Hopes for a new medicine to assist people afflicted with ALS were dashed by negative results from a large clinical trial reported Tuesday.
The experimental drug, tirasemtiv, failed to slow the decline in lung function any better than a placebo, said Cytokinetics (CYTK), the drug’s maker. The phase 3 clinical trial enrolled more than 700 people with ALS, the degenerative nerve disorder that robs people of the ability to move or breathe.
It seems that progress on ALS drugs is elusive. Maybe targeting an aspect of the disease process or mechanism is the wrong approach. Maybe we need to go upstream, and target what triggers the disease process or mechanism. This likely varies by the individual. Just as we don’t have one but many breast cancers, we have not one but many combinations of gene variants, cumulative exposures, and epigenetic and phenotypic changes that lead to the devastating disease of ALS.
There are a small number of physicians treating chronic diseases this way, in which each patient becomes an N of 1, and their particular disease triggers are examined, tested and treated to strengthen their immune and neurological systems, and arrest and partially reverse the disease process.

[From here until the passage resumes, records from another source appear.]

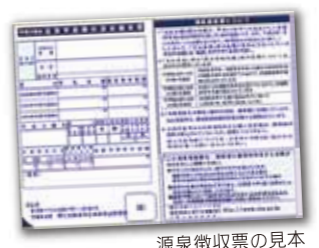
源泉徴収票の見本

国民年金 市民生活課国民年金係 TEL 72-1111 内線145 ねんきん定期専用ダイヤル(特別便) TEL 03-6770-0585 ねんきんダイヤル(一般的な相談) TEL 057-005-1165 I.P.電話・PHSからはTEL03-6770-0116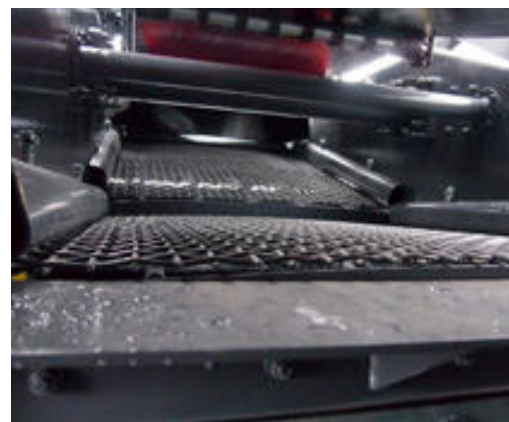
Le crible à double pente permet une séparation efficace et précise des matériaux.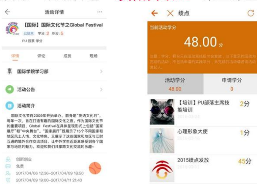
图 5：国际学院第二课堂全流程信息化管理之绩点认证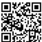
【村防災メールQRコード】

空メールを送信すると、登録用のメールが返信されますので必要事項を登録してください。迷惑メール防止機能のドメイン指定受信などを設定している場合は、空メールを送信する前に raidan.ktaiwork.jp からのメールが受信できるよう設定してください。登録完了のメールを受信できれば登録完了です。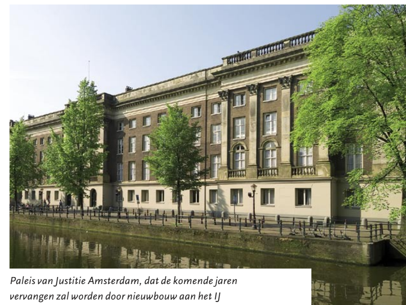
Paleis van Justitie Amsterdam, dat de komende jaren vervangen zal worden door nieuwbouw aan het IJ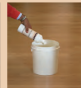
3. 保养 - 使用水性保护剂来保养地板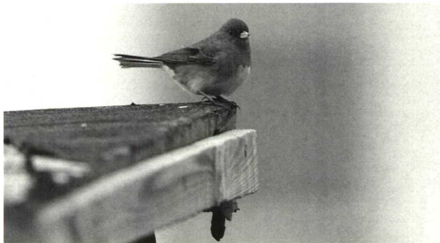
28 Dark-eyed Junco Junco hyemalis , Portland, Dorset, Britain, December 1989 (David Tipling)

ther on Fair Isle, Shetland, from 4 to 22 October. A Citrine Wagtail Motacilla citreola was recorded on Tresco, Scilly, Britain, on 2-5 October. An adult male Grey Hypocolius Hypocolius ampelinus was at Eilat from 21 November onwards, being the second Israeli record. In early December, 700 Grey Hypocolius were counted at three roosts in Bahrain. A Thrush Nightingale Luscinia luscinia found dead at Joinville, Haut-Marne, on 20 September was only the second record for France. The report of an Isabelline Wheatear Oenanthe isabellina on Endelave, Århus, on 21 September was a potential first for Denmark. A male Pied Wheatear O. pleschanka visited Fair Isle on 10-11 October. A Dusky Thrush Turdus naumanni eunomus was seen briefly at Helsinki, Finland, on 26 December. On North Ronaldsay, a Blyth's Reed Warbler Acrocephalus dumetorum was trapped on 3 October. In early November, a Desert Warbler Sylvia nana was on Langli, Ribe, another potential addition to the Danish avifauna. With records in Britain (two), Denmark (one) and Sweden (one) in November and December, Hume's Warbler Phylloscopus humei produced an interesting series. For a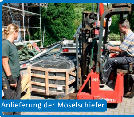
Anlieferung der Moselschiefer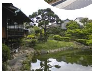
加賀屋緑地(加賀屋新田会所跡)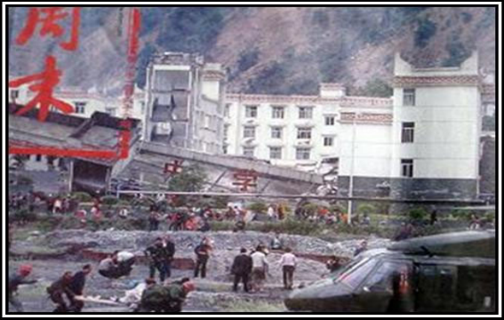
▲老旧灰暗的中学教学楼倒塌了，后面露出光亮气派的办公楼（四川省汶川县）

居民说：“水泥没有按正确比例与水混合。里面的钢筋也不够。沙子不干净。”“建教学楼用的都是些伪劣建材。”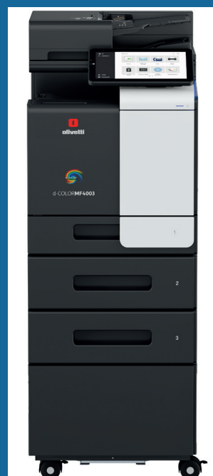
CONFIGURATION AVEC MEUBLE ET DEUX MAGASINS PAPIER OPTIONNELS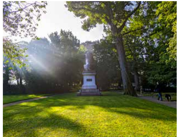
Istedløven er efter flere rundrejser i Nordeuropa kommet tilbage til kirkegården i Flensborg. Den blev slæbt først til Berlin siden til København for at markere, hvem der havde tabt og vundet. Den var sejrherrenes trofæ i to krige. Her mener Tim Riediger, den viser, at den ikke har lyst til at være symbol på nationers hang til selvhævdelse.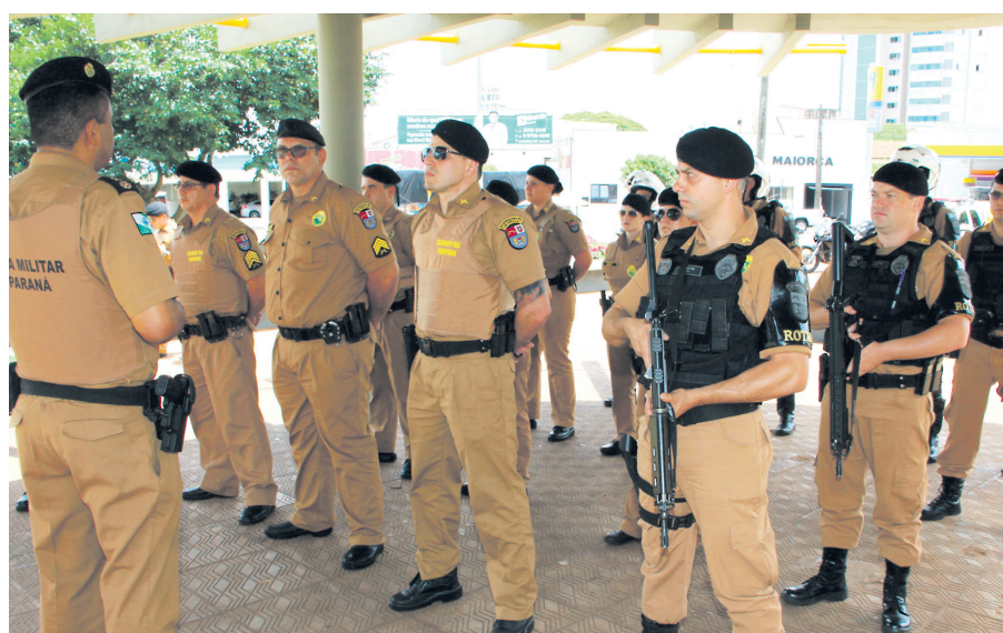
O lançamento oficial da Operação Natal ocorreu às 14 horas de sexta-feira (30) em todo o Estado

“Também vamos realizar operações fiscalizatórias na cidade e também

At a medical conference in September, I heard a retired construction executive tell the story of his recovery from an 80% diagnosis of ALS. The executive wrote an inspiring short self-published book, An Unexpected Journey: Searching for a cause and finding hope in the battle against ALS. He wants his story to get out, to perhaps help others who otherwise have no hope. You can order it from his blog here: http://www.stlblog.constructforstl.org/blog/2017/6/8/an-unexpected-journey.
The point of anecdotes and patient stories is not to give false hope, but to raise new angles and avenues for exploration, for research and clinical validation. Perhaps ALS has multiple causes and some are reversible, or perhaps there are conditions that mimic ALS, and some patients can benefit by being screened and treated for those. Perhaps more physicians will go upstream and look for causes. Perhaps more pharma companies will begin to research, test and validate some of these approaches. Will they, if there is not a patent prospect at the end of the rainbow? If not them, who?